### [HOW TO COMPLETE THIS TASK]
Wherever an image appears in the records, exclude it, and reproduce everything else exactly.
[[ STORED DATA open ]]
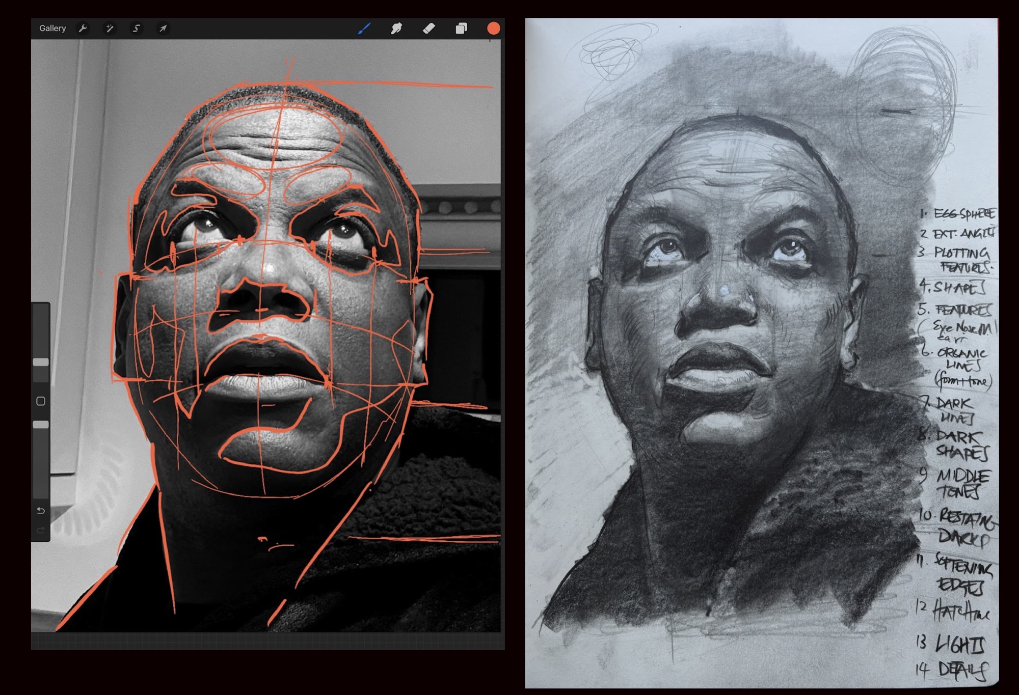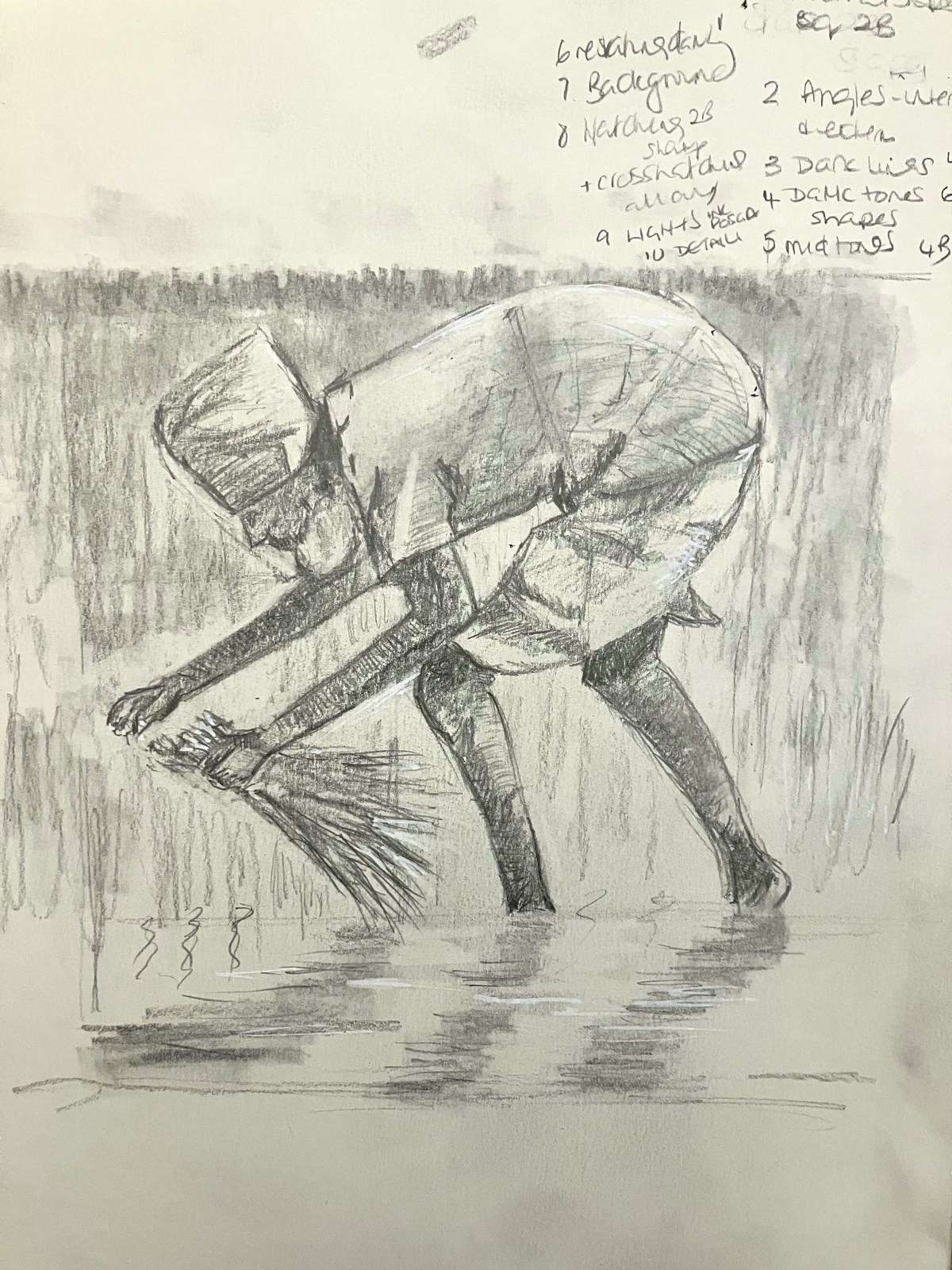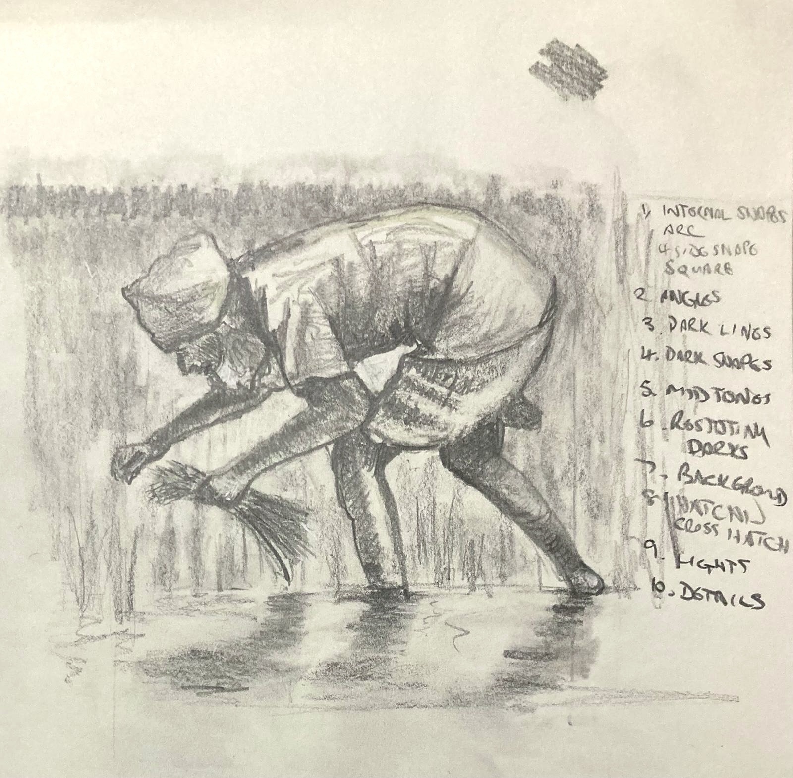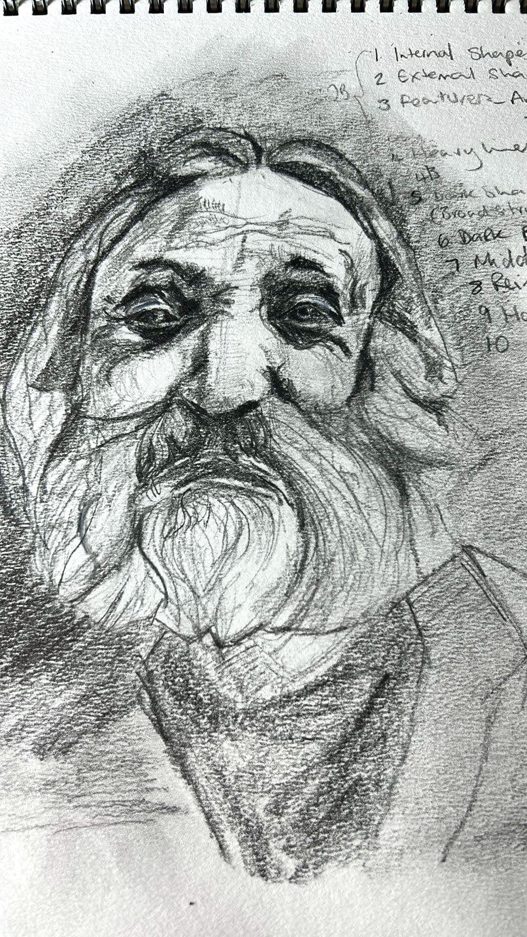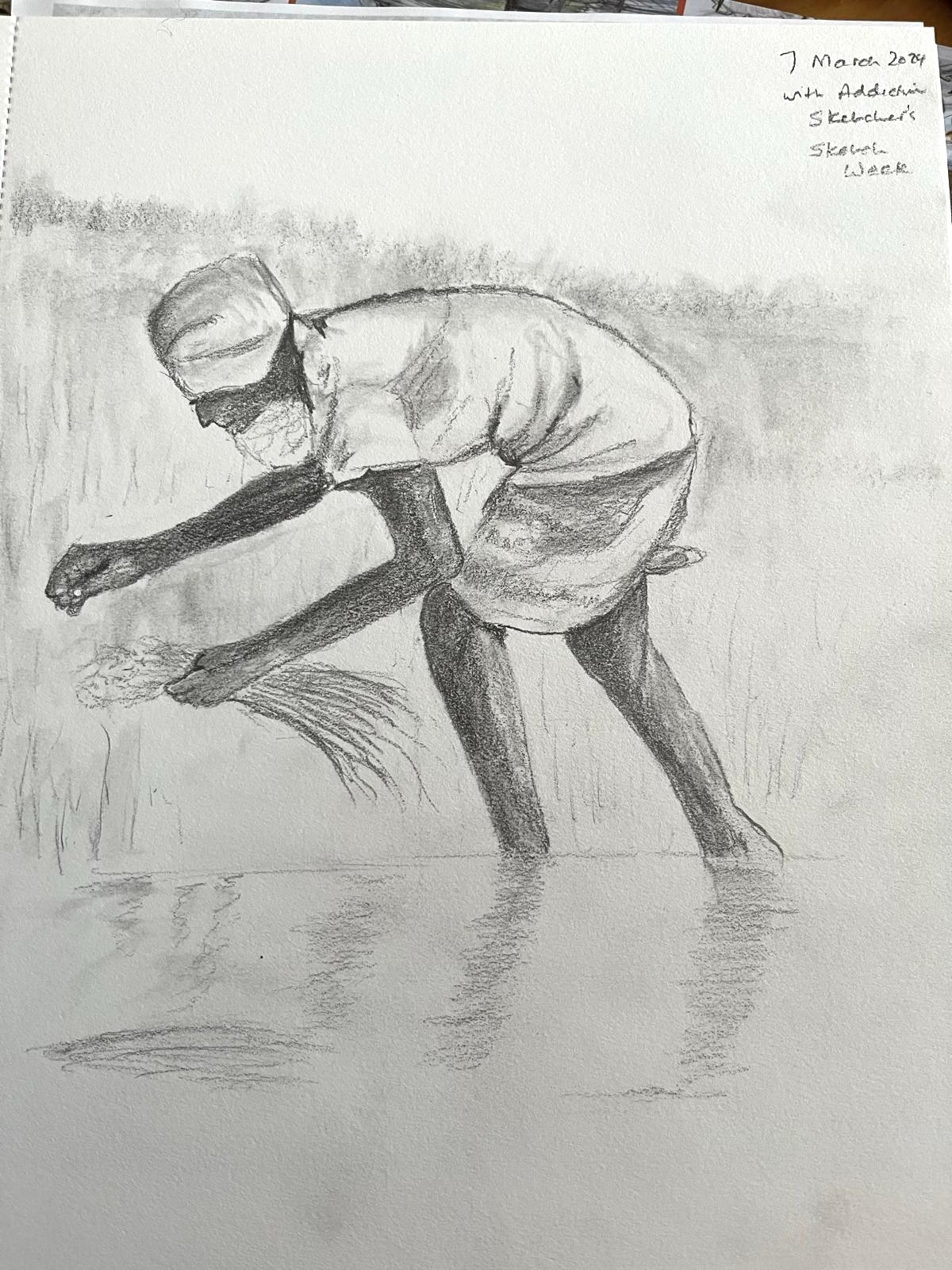 We all enjoyed the evenings sketching live or catching up and thought it was fantastic value at only a tenner learning from such an experienced tutor. Adebanji’s enthusiasm is infectious and you really want to do your best. It felt exhausting sketching and learning at the same time but you could pause the live programme then play it again. We all liked learning how to sketch like this and using blending stumps and hatching and will use everything we learned in our own sketches in the future. Follow Adebanji’s advice and don’t sketch for more than one hour, stop after 60 minutes and they will forever be a sketch and not a perfect drawing.
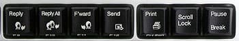 Следом располагаются пять кнопок, по-умолчанию, предназначенных для запуска различных приложений MS Office: Word, Excel, PowerPoint, Calendar и стандартный калькулятор Windows. Без установки ПО или других действий они ничего не делают, однако их вполне можно «привязать» к каким-либо приложениям самостоятельно. Дело в том, что, подобно похожим кнопкам WK-8000, при нажатии они посылают совершенно стандартные коды, соответствующие нажатию комбинаций Ctrl-Alt-W, Ctrl-Alt-E, Ctrl-Alt-P, Ctrl-Alt-O и Ctrl-Alt-C, соответственно, а запускать программы по горячим клавишам Windows умеет самостоятельно.
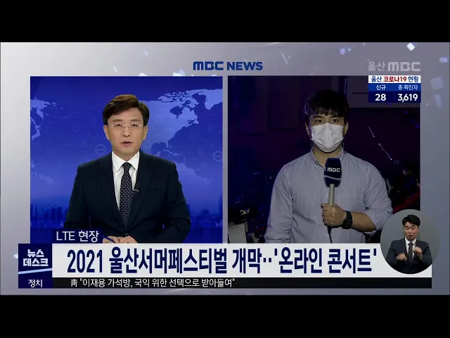◀ANC▶울산MBC가 주최하는2021 울산서머페스티벌의 막이 올랐습니다.올해 공연은 코로나19 확산 우려로 비대면 온라인 방식으로 공연이 진행됩니다.첫날 공연인 '청춘라이브'가 진행되고 있는데요.현장에 나가있는 취재기자 연결하겠습니다. 정인곤 기자. ◀END▶ ◀S U▶네, 저는 첫날의 막이 오른 울산 서머페스티벌 공...
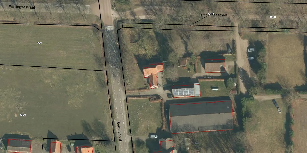 Het perceel waarop Bernsehoef 9 staat heeft een oppervlakte van 2,4 ha. Dit is een zeer groot perceel. De perceeloppervlakte wordt geregistreerd door het Kadaster. Gedetailleerde informatie over de maten van dit perceel kunt u vinden in het rapport Kadastrale kaart met maatvoering van Bernsehoef 9.
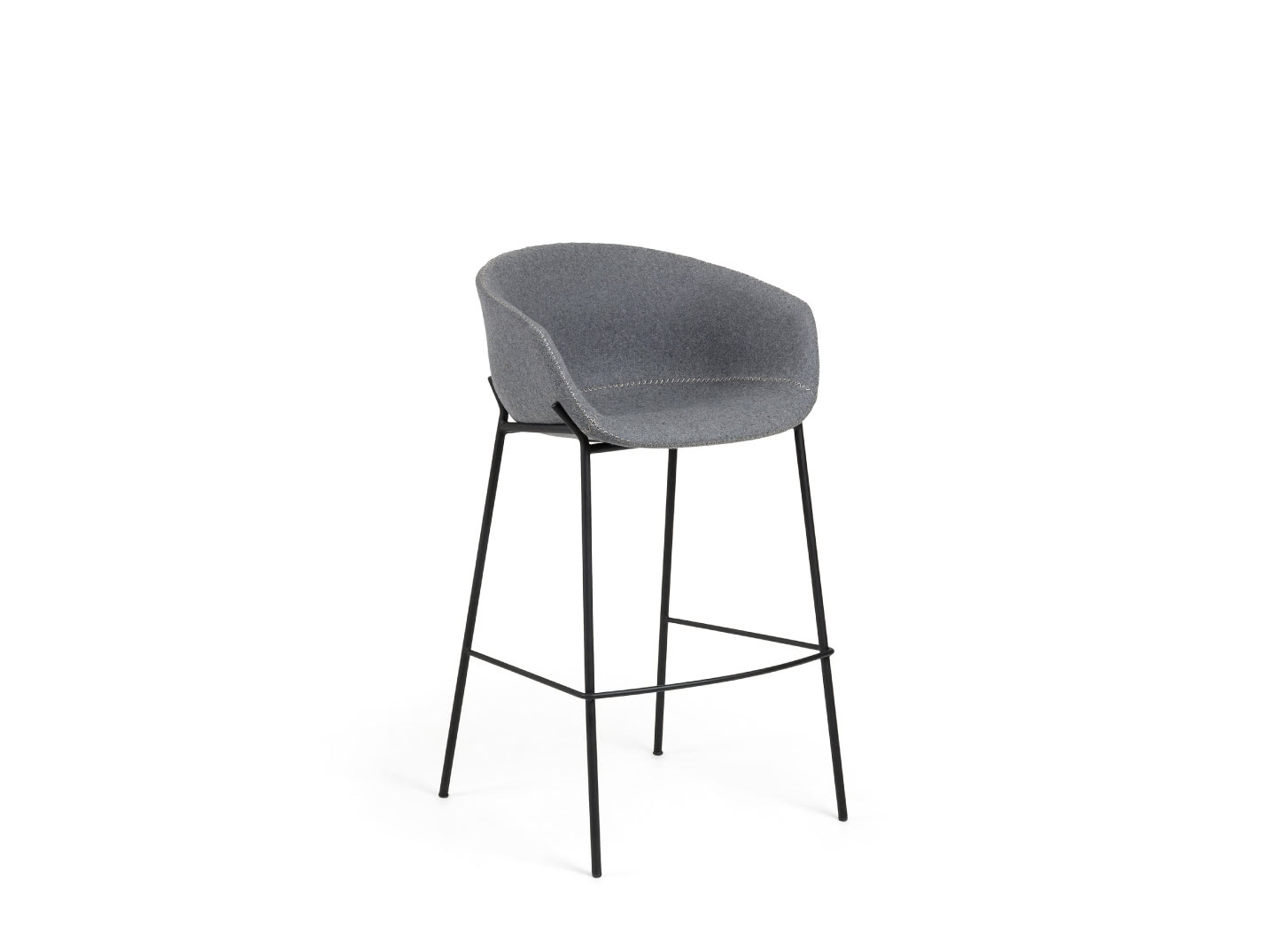 Zadine barstool is constructed of a foam seat which is fully upholstered in a grey fabric with stitching detail and black powder coated metal legs. The seat height is 65cm with an overall height of 90cm
[[ STORED DATA closed ]]
### [EXERCISE SOLUTION]
 We all enjoyed the evenings sketching live or catching up and thought it was fantastic value at only a tenner learning from such an experienced tutor. Adebanji’s enthusiasm is infectious and you really want to do your best. It felt exhausting sketching and learning at the same time but you could pause the live programme then play it again. We all liked learning how to sketch like this and using blending stumps and hatching and will use everything we learned in our own sketches in the future. Follow Adebanji’s advice and don’t sketch for more than one hour, stop after 60 minutes and they will forever be a sketch and not a perfect drawing.
 Следом располагаются пять кнопок, по-умолчанию, предназначенных для запуска различных приложений MS Office: Word, Excel, PowerPoint, Calendar и стандартный калькулятор Windows. Без установки ПО или других действий они ничего не делают, однако их вполне можно «привязать» к каким-либо приложениям самостоятельно. Дело в том, что, подобно похожим кнопкам WK-8000, при нажатии они посылают совершенно стандартные коды, соответствующие нажатию комбинаций Ctrl-Alt-W, Ctrl-Alt-E, Ctrl-Alt-P, Ctrl-Alt-O и Ctrl-Alt-C, соответственно, а запускать программы по горячим клавишам Windows умеет самостоятельно.
◀ANC▶울산MBC가 주최하는2021 울산서머페스티벌의 막이 올랐습니다.올해 공연은 코로나19 확산 우려로 비대면 온라인 방식으로 공연이 진행됩니다.첫날 공연인 '청춘라이브'가 진행되고 있는데요.현장에 나가있는 취재기자 연결하겠습니다. 정인곤 기자. ◀END▶ ◀S U▶네, 저는 첫날의 막이 오른 울산 서머페스티벌 공...
 Het perceel waarop Bernsehoef 9 staat heeft een oppervlakte van 2,4 ha. Dit is een zeer groot perceel. De perceeloppervlakte wordt geregistreerd door het Kadaster. Gedetailleerde informatie over de maten van dit perceel kunt u vinden in het rapport Kadastrale kaart met maatvoering van Bernsehoef 9.
 Zadine barstool is constructed of a foam seat which is fully upholstered in a grey fabric with stitching detail and black powder coated metal legs. The seat height is 65cm with an overall height of 90cm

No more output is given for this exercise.